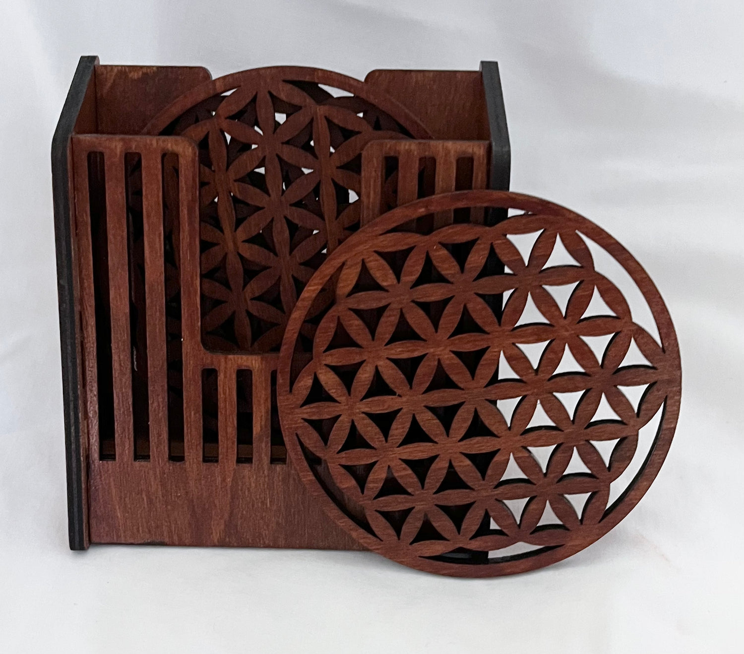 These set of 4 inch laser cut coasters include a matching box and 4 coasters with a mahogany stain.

——————————

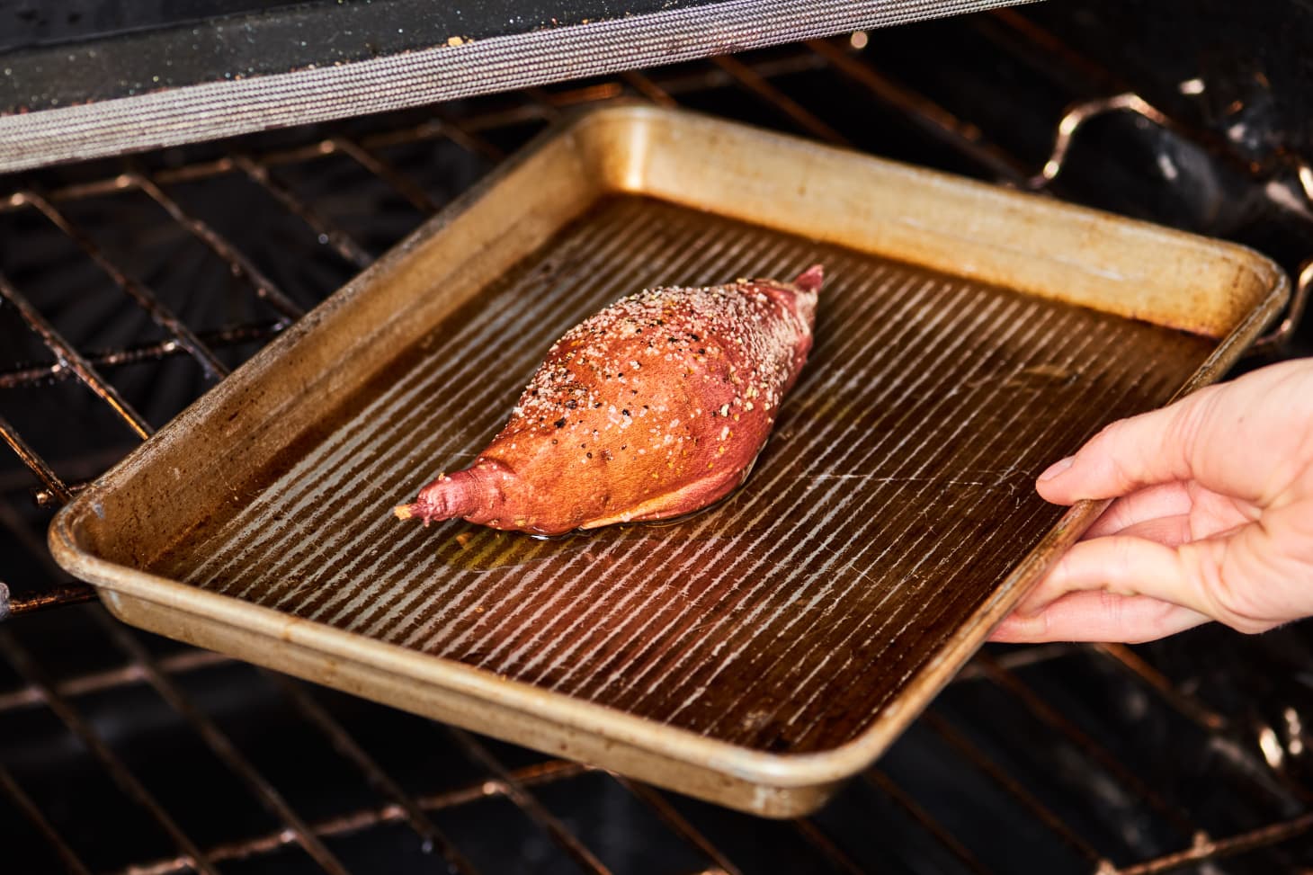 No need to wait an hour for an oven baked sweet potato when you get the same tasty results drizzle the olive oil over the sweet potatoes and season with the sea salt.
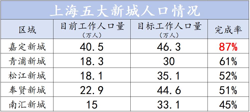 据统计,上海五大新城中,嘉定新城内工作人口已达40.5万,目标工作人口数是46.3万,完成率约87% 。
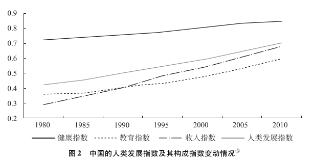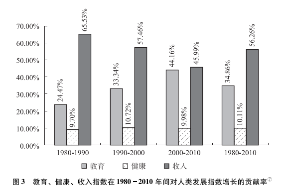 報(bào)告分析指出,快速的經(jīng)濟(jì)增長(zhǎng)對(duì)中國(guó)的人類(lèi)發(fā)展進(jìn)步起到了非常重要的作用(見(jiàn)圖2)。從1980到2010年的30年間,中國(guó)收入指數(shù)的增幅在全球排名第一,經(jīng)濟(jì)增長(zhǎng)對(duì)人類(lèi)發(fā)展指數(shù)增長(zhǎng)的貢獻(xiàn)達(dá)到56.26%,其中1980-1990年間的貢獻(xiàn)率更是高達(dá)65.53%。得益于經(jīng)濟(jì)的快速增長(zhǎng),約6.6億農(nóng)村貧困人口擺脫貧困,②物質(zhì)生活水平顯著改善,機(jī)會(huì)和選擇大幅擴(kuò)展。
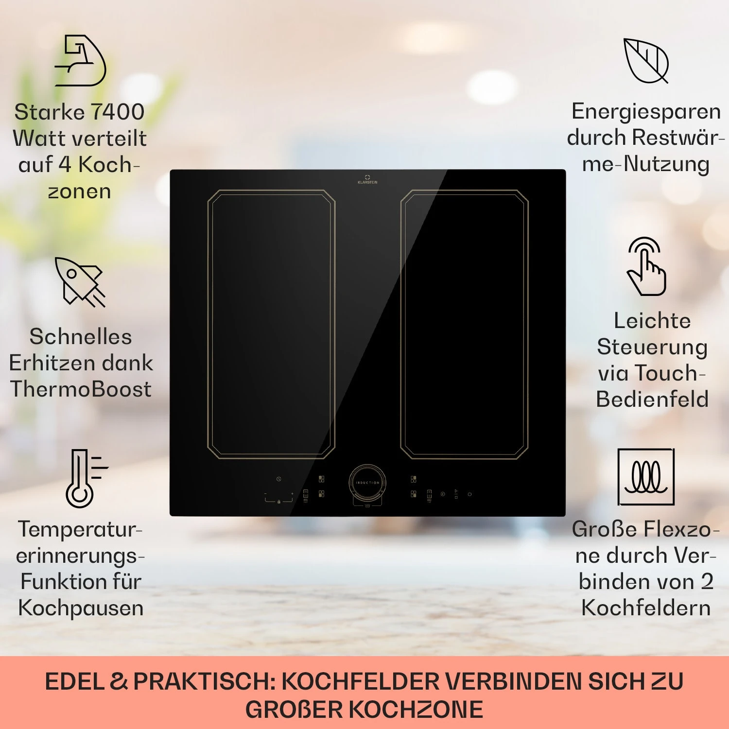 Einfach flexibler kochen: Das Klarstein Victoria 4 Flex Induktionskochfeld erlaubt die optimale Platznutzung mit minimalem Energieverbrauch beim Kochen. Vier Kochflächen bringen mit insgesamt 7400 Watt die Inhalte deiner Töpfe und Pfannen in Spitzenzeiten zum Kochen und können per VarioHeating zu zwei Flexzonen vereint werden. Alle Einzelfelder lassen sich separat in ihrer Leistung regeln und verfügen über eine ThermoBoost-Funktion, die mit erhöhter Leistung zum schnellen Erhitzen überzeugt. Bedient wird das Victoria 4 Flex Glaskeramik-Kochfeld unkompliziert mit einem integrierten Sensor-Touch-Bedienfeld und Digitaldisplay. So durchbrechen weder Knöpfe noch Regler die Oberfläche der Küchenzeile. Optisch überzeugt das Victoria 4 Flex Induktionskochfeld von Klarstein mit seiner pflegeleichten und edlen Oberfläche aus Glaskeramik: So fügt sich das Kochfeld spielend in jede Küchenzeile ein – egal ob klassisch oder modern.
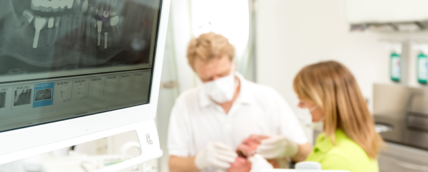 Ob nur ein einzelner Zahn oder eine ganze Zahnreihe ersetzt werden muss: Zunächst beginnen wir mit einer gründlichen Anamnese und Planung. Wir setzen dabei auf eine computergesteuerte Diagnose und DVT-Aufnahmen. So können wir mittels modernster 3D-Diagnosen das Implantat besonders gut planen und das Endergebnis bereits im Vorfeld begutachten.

——————————

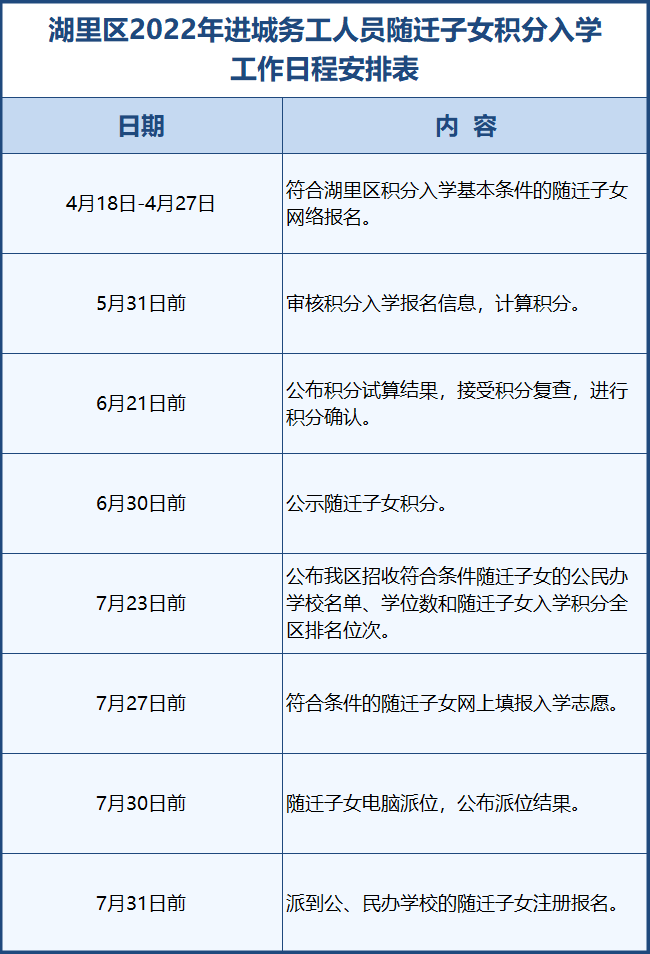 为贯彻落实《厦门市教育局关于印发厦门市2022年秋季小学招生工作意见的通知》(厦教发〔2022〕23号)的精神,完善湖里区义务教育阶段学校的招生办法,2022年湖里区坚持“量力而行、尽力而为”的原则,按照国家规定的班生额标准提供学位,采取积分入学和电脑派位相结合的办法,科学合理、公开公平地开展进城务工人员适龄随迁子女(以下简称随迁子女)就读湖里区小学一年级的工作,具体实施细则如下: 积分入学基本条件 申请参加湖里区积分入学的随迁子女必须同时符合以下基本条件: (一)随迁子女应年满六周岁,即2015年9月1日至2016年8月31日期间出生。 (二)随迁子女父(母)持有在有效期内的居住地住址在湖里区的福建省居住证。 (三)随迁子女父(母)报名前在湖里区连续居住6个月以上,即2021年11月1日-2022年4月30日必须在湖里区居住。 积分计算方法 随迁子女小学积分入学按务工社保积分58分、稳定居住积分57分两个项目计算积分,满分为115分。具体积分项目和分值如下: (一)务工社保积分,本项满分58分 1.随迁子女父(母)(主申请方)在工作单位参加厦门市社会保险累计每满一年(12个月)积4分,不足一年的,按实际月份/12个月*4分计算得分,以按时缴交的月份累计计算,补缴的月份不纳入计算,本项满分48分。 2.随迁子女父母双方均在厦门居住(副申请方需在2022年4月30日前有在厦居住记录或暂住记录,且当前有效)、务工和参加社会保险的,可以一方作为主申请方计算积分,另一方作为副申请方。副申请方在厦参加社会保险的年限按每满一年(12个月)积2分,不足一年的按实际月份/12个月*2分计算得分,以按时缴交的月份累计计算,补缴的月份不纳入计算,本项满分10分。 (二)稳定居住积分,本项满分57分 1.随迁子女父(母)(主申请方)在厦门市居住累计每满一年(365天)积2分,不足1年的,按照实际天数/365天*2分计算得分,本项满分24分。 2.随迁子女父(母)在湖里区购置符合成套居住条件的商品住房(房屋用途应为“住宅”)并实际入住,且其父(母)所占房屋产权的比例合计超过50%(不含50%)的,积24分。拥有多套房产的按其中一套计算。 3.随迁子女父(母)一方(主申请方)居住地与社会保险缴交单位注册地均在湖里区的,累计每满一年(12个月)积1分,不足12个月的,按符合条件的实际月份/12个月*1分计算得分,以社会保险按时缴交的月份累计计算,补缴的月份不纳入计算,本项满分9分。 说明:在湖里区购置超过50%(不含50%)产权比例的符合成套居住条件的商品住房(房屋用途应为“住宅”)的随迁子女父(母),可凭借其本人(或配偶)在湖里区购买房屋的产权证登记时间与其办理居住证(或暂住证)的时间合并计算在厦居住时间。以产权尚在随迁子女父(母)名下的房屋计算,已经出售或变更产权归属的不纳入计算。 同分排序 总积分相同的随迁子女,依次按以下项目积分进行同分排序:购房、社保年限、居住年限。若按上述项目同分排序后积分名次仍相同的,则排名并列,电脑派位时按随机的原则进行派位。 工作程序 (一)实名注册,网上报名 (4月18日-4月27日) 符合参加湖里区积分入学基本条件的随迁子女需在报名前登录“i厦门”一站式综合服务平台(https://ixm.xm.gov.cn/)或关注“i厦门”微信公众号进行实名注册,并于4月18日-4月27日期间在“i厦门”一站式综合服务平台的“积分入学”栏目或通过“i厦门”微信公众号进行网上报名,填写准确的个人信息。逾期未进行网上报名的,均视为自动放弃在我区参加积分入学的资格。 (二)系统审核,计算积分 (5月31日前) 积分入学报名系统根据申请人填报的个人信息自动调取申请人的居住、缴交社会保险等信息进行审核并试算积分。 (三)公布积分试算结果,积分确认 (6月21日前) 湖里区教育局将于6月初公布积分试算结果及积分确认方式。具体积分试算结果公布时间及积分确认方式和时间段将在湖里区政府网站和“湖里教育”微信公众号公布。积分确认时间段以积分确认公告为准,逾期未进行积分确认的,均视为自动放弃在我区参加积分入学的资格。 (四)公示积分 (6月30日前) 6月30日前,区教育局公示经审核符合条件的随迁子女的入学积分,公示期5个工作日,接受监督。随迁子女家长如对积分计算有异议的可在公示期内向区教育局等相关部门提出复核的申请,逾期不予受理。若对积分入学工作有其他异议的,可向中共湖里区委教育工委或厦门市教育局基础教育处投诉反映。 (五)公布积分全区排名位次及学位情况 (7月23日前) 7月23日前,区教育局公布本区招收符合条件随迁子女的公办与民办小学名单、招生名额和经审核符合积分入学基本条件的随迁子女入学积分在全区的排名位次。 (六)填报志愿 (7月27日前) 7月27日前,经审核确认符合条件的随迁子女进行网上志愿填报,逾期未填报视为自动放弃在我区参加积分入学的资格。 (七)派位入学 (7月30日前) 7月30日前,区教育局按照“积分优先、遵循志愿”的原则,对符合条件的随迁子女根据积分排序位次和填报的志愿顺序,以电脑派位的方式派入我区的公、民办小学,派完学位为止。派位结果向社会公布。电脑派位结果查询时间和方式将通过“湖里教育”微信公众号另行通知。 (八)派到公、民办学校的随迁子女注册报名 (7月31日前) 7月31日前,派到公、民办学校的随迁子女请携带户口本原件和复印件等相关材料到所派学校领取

——————————

* **About this exercise**
Though the entries above contain pictures, none should be copied; reproduce only the lines between the one holding "据统计,上海五大新城中,嘉定" and the one holding "Einfach flexibler kochen: Das", inclusive, exactly as written.

* **Answer box**
 据统计,上海五大新城中,嘉定新城内工作人口已达40.5万,目标工作人口数是46.3万,完成率约87% 。
 報(bào)告分析指出,快速的經(jīng)濟(jì)增長(zhǎng)對(duì)中國(guó)的人類(lèi)發(fā)展進(jìn)步起到了非常重要的作用(見(jiàn)圖2)。從1980到2010年的30年間,中國(guó)收入指數(shù)的增幅在全球排名第一,經(jīng)濟(jì)增長(zhǎng)對(duì)人類(lèi)發(fā)展指數(shù)增長(zhǎng)的貢獻(xiàn)達(dá)到56.26%,其中1980-1990年間的貢獻(xiàn)率更是高達(dá)65.53%。得益于經(jīng)濟(jì)的快速增長(zhǎng),約6.6億農(nóng)村貧困人口擺脫貧困,②物質(zhì)生活水平顯著改善,機(jī)會(huì)和選擇大幅擴(kuò)展。
 Einfach flexibler kochen: Das Klarstein Victoria 4 Flex Induktionskochfeld erlaubt die optimale Platznutzung mit minimalem Energieverbrauch beim Kochen. Vier Kochflächen bringen mit insgesamt 7400 Watt die Inhalte deiner Töpfe und Pfannen in Spitzenzeiten zum Kochen und können per VarioHeating zu zwei Flexzonen vereint werden. Alle Einzelfelder lassen sich separat in ihrer Leistung regeln und verfügen über eine ThermoBoost-Funktion, die mit erhöhter Leistung zum schnellen Erhitzen überzeugt. Bedient wird das Victoria 4 Flex Glaskeramik-Kochfeld unkompliziert mit einem integrierten Sensor-Touch-Bedienfeld und Digitaldisplay. So durchbrechen weder Knöpfe noch Regler die Oberfläche der Küchenzeile. Optisch überzeugt das Victoria 4 Flex Induktionskochfeld von Klarstein mit seiner pflegeleichten und edlen Oberfläche aus Glaskeramik: So fügt sich das Kochfeld spielend in jede Küchenzeile ein – egal ob klassisch oder modern.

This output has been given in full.